The data structure of epoll

Multiple data structures for decision making

epoll requires at least two collections

total set of all fd
collection of ready fds

So what data structure is used to store this total set?

We know that for an fd, its underlying layer corresponds to a TCB. That is to say, key=fd, val=TCB is a typical kv-type data structure. For the kv-type data structure, we can use the following three types for storage.

hash
red black tree
b/b+tree

If hash is used for storage, the advantage is that the query speed is very fast, O(1).

But when we call epoll_create(), how big is the hash underlying array creation?

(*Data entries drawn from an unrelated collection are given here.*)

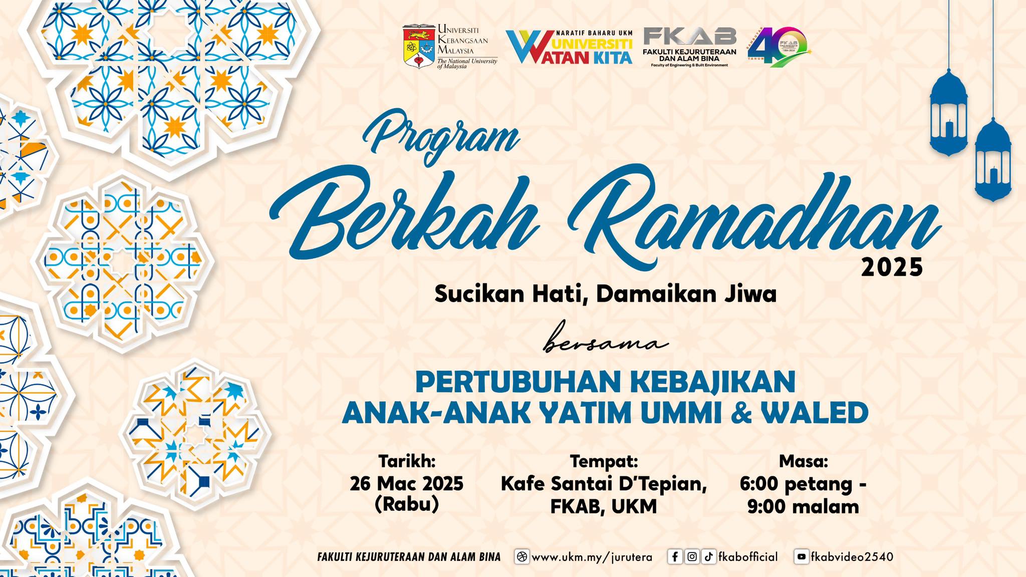 Berkah Ramadhan Bersama Rumah Anak Yatim Bangi Nur Ain is an annual program managed and sponsored by Faculty of Engineering and Built Environment, UKM with the help of Persatuan Mahasiswa Fakulti Kejuruteraan dan Alam Bina (PEMATRA)
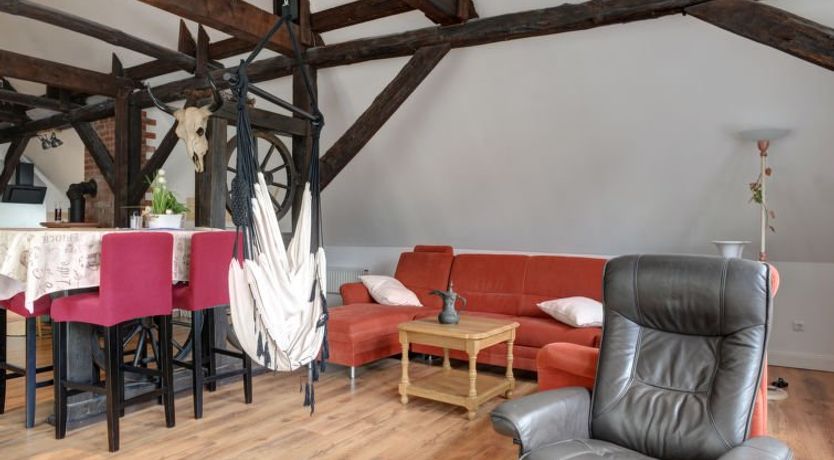 "Atelier an der Kirche", 2-room maisonette 130 m2 on 2 levels, on the top floor. Object suitable for 4 adults + 2 children. Spacious and bright, with sloping ceilings, comfortable and tasteful furnishings: 2nd upper floor: living/sleeping room with curtain with 1 double sofabed (200 cm, length 200 cm), 1 double bed, dining table, satellite TV and hi-fi system.
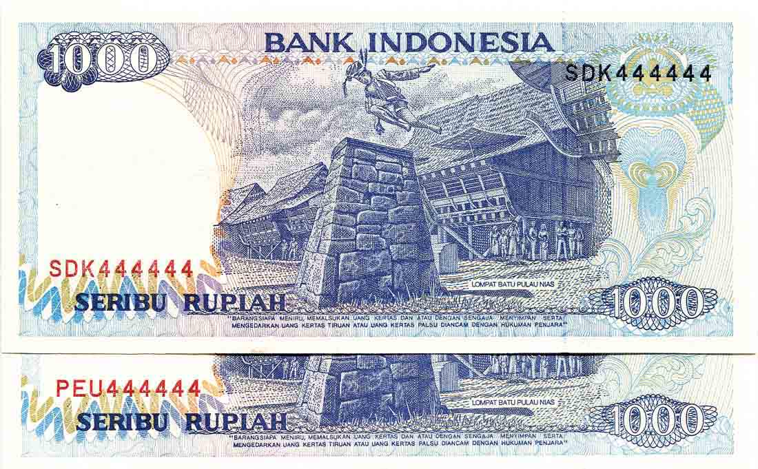 Indonesia 1992/97, 1000 Rupiah (P129f) Solid 4's SDK /
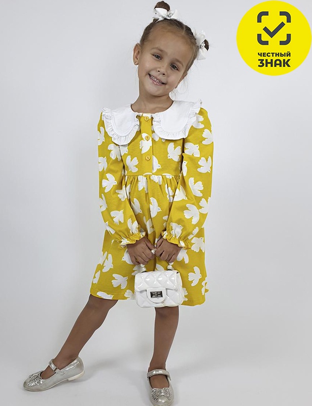 Платье для девочки полуприлегающего силуэта, длинный рукав с резинкой внизу, сборка по окату. Отрезная юбка в сборку. В горловине плосколежащий воротник с рюшей, застежка центральная на пуговицы.
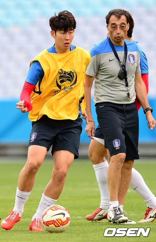울리 슈틸리케 감독이 이끄는 한국 축구대표팀과 호주대표팀이 30일(이하 한국시간) 호주 시드니에 위치한 스타디움 오스트레일리아서 2015 AFC 아시안컵 결승전 기자회견 및 훈련을 가졌다. 한국 손흥민이 미니게임을 할때 아르모아 코치가 이를 바라보고 있다.
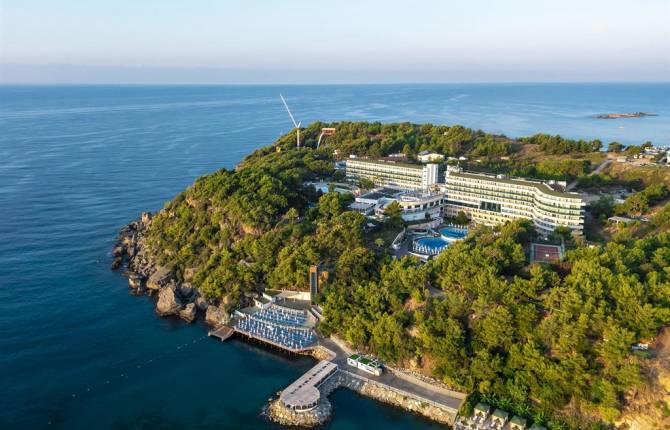 Отель находится рядом с морем в тихом средиземноморском местечке. В двух корпусах находятся номера различных типов. На территории комплекса есть 1 главный ресторан, 1 Турецкий и 1 специализирующийся на морепродуктах, 7 баров, собственная кондитерская, 11 бассейнов, теннисный корт, интернет кафе, амфитеатр и аквапарк, оснащенный 26 водными горками, тарзанкой, рафтингом и бассейном с искусственными волнами. Рестораны и бары работают по системе «все включено» и предоставляют разнообразные блюда местной и интернациональной кухни. Алкогольные и безалкогольные напитки турецкого и зарубежного производства. Номера в отеле имеют ванную комнату с гигиеническими принадлежностями, балкон, мини-бар (вода и сладкая газировка), спутниковое телевидение с русскоязычными каналами, центральное кондиционирование, сейф, фен и телефон. На полу лежит деревянное покрытие. Уборка в номерах проводится ежедневно. Для детей в отеле оборудована большая игровая площадка с разнообразным инвентарем, 3 бассейна, один из которых оснащен водными горками. В ресторане есть стульчик для кормления малышей. Отель предлагает широкий выбор интересных и активных анимационных мероприятий: водное поло, аэробика и аквааэробика, стэп, гимнастика, дискотека и вечерние шоу в амфитеатре. Фитнес центр оснащен всем необходимым инвентарем для полноценных тренировок. Активные гости комплекса могут поиграть в большой и настольный теннис, бильярд, дартс, мини футбол и пляжный волейбол. За освещение теннисного корта в темное время суток придется заплатить отдельно. Восстановить силы можно в Спа-центре, сауне, турецкой бане, джакузи и массажном кабинете. Собственный пляж отеля оснащен зонтиками, шезлонгами и полотенцами, пользование которыми входит в стоимость проживания в комплексе. К платным услугам относится: прокат оборудования для дайвинга, водные виды спорта, прачечная, прокат автомобилей, услуги няни, врача и другое.

If we have millions of fds, the larger the array, the better. If we only need to manage a dozen fds, too much space will be wasted when creating the array. And we can't know how many fds there are in advance, so hash is not suitable.

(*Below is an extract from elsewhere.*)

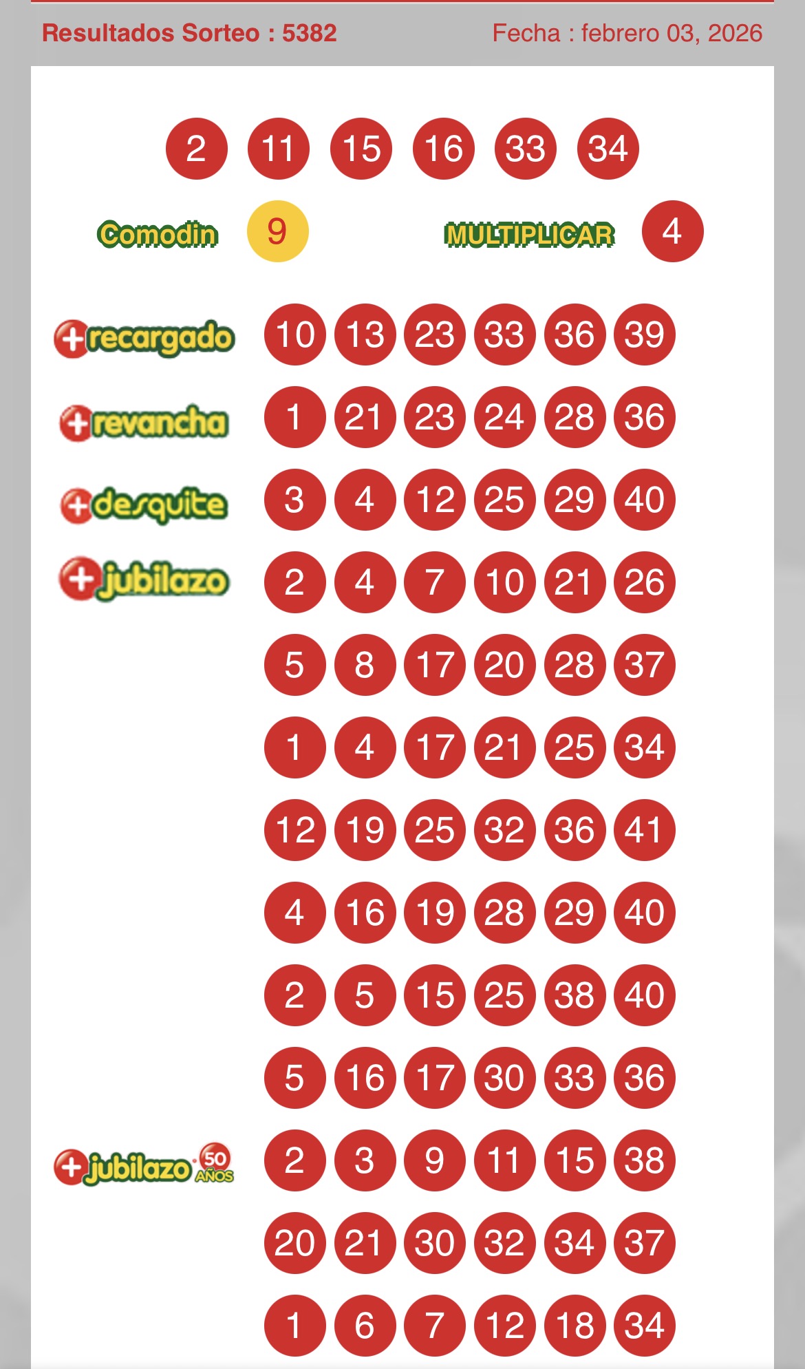 Resultados del Loto, sorteo 5382: martes 3 de febrero

b/b+tree is a multi-fork tree. One node can store multiple keys. It is mainly used to reduce the layer height and used for disk indexing, so it is not suitable for our memory scenario.

In the memory index scenario, we generally use the red-black tree as the preferred data structure. First, the search speed of the red-black tree is very fast, O(log(N)). Secondly, when calling epoll_create(), you only need to create a red-black tree root without wasting additional space.

So what data structure does the ready set use? First of all, the ready set is not based on search. The function of the ready set is to copy the elements inside to the user for processing, so the elements in the set have no priority, so linear data can be used Structure, using queues for storage, first in first out, first ready first processing.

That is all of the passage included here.